Marketing the Stereotype

So much of the marketing focus; is creating a campaign that appeals to a targeted audience. The consumer decision making process follows a stereotypical problem recognition, information search, alternative evaluation, purchase decision, and post purchase evaluation.

Marketing is a guesstimating science that attempts to play to the specific "interests" of a target audience.

In short; although marketers will cringe at my definition, marketing is the series of actions a company strategically research and execute to best reach the ideal target market. Marketing is a process that centralizes the concepts of assumptions, stereotypes, and an inherent desire for both consumers and the company to be realized as an ideal version of oneself. I love marketing, I love the ability to craft messages unique for a particular audience. I am interested in the social science, of being able to profile an audience.
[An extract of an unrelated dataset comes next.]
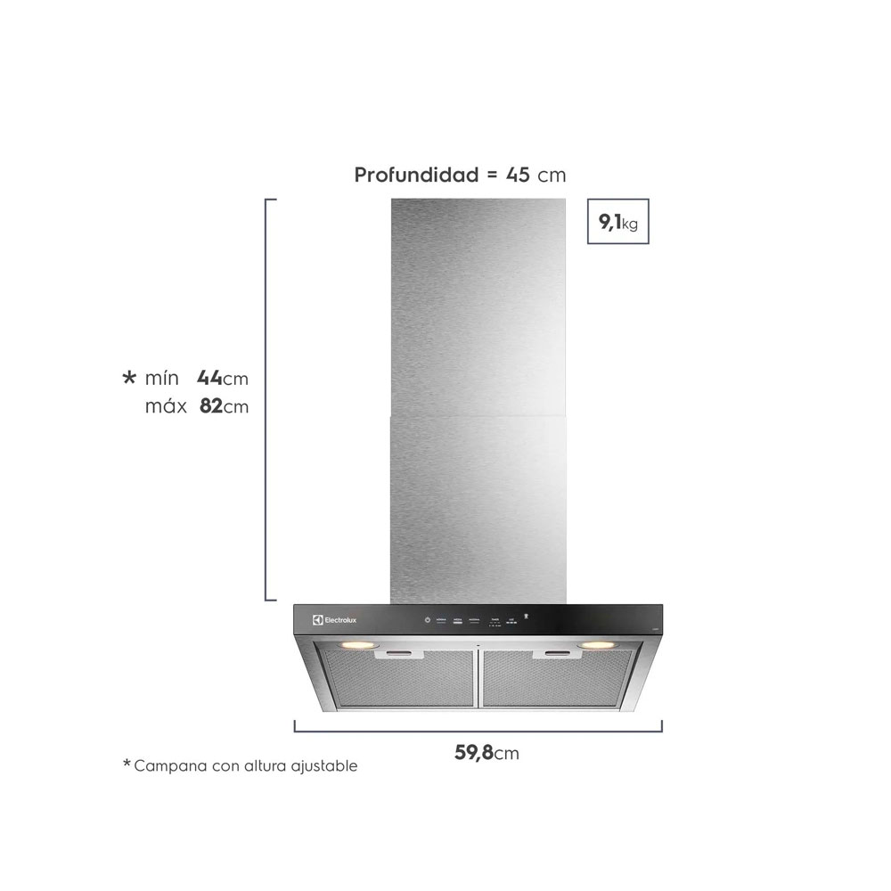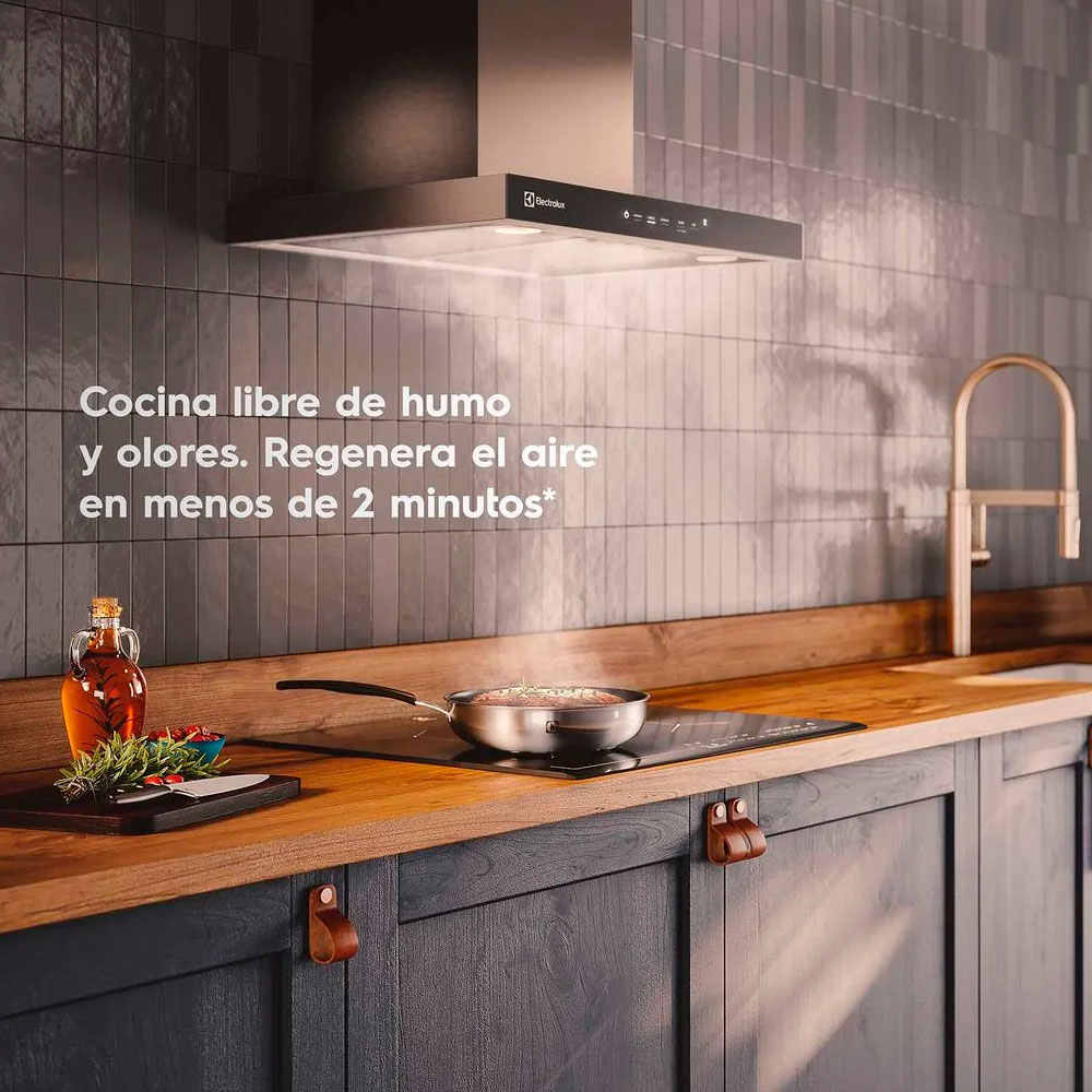 Campana de Pared Electrolux de 60cm Experience con Alto Poder de Succi贸n y Panel Full Touch CE6TF La Campana de Pared Electrolux de 60cm Experience con Alto Poder de Succi贸n y Panel Full Touch CE6TF presenta modernidad y eficiencia, garantizando un ambiente libre de impurezas con su alto poder de succi贸n El Alto Poder de Succi贸n ofrece eficiencia en la retenci贸n de humo y grasas durante la preparaci贸n de tus recetas. Renueva el aire en menos de dos minutos鹿. Ten tu cocina libre de humo y olores indeseables, de manera efectiva y segura para toda tu familia. Adem谩s, el Panel Intuitivo Full Touch cuenta con LED blanco, una interfaz diferenciada y m谩s intuitiva que proporciona una mejor performance y experiencia de usuario. Cuando la campana est谩 instalada en modo purificador, con la Se帽al Cambio de Filtro la alerta se enciende en la pantalla LED, asegurando el rendimiento del producto haciendo el recambio de filtro en el momento indicado. La Luz LED虏 te da una mayor claridad y visibilidad de los alimentos. Al cocinar mantienes los colores naturales de la comida. El ajuste de luz permite crear una atm贸sfera diferente dependiendo de la ocasi贸n. El Dise帽o de Acero Inoxidable combina lo mejor de la resistencia del acero con la ligereza del vidrio, con mucha elegancia y sofisticaci贸n a tu cocina. Con un acabado impecable, la campana tambi茅n es un elemento de decoraci贸n que agrega belleza al ambiente. Para facilitar a煤n m谩s el uso, la campana posee Funci贸n 2 en 1, que cambia entre los modos extractor y depurador, entregando m谩s flexibilidad y versatilidad de uso. Por lo tanto, tendr谩 m谩s flexibilidad y versatilidad. La Filtraci贸n Dual posee filtros de aluminio extra铆bles que capturan y retienen hasta un 75 %鲁 de la grasa. El filtro de carb贸n activado mantiene tu cocina libre de olores no deseados. Los dos son aptos para lavavajillas. Para tener a煤n m谩s practicidad, la campana ofrece 3 Velocidades que puedes ajustar entre baja, media y alta para regular seg煤n uso. Decide de acuerdo a la receta, garantizando una mayor eficiencia de tu campana extractora. Adem谩s, cuando la Funci贸n de Temporizador est谩 activada, permite que la Campana de Pared Electrolux CE6TF permanezca en funcionamiento durante un tiempo extra y se apague autom谩ticamente, renovando el aire de la cocina.

Stereotypes are generalizations about the typical characteristics of a person or  a group based on their appearance, place of origin, education, and or employment. Stereotypes are how we innately classify and catalogue our surroundings.

For example; I have believe that California is always sunny and a perfect 80 degrees.

As a Canadian I find this commercial hilarious, as it plays of the stereotype of Canadian weather. 

Stereotypes have been villainized as a judgmental categorical internal physche library Dewey Decimal system. We are warned about the dangers of stereotyping in grade school. Crafting conclusions based on stereotypes is a flawed and societal dangerous process. Especially if the stereotypes play to a negative image.

Ironically, on the positive, when a marketer plays to affect a desired psychosocial consequence the campaign will be crafted to play to an idealized stereotype. As a consumers, we are comfortable with stereotypes that portray a lifestyle we aspire to achieve. The use of celebrity endorsement and geographic marketing techniques have been successful because they play to an inherit wish for personal recognition, while poking fun at the present short comings.

Marketing is subjective, and will always be victim of criticism and false advertisements. As consumers, I believe that we demand and find comfort in the embellished stereotypes. As consumers we like stereotypes, until they push to far and offend a very real insecurity with in us.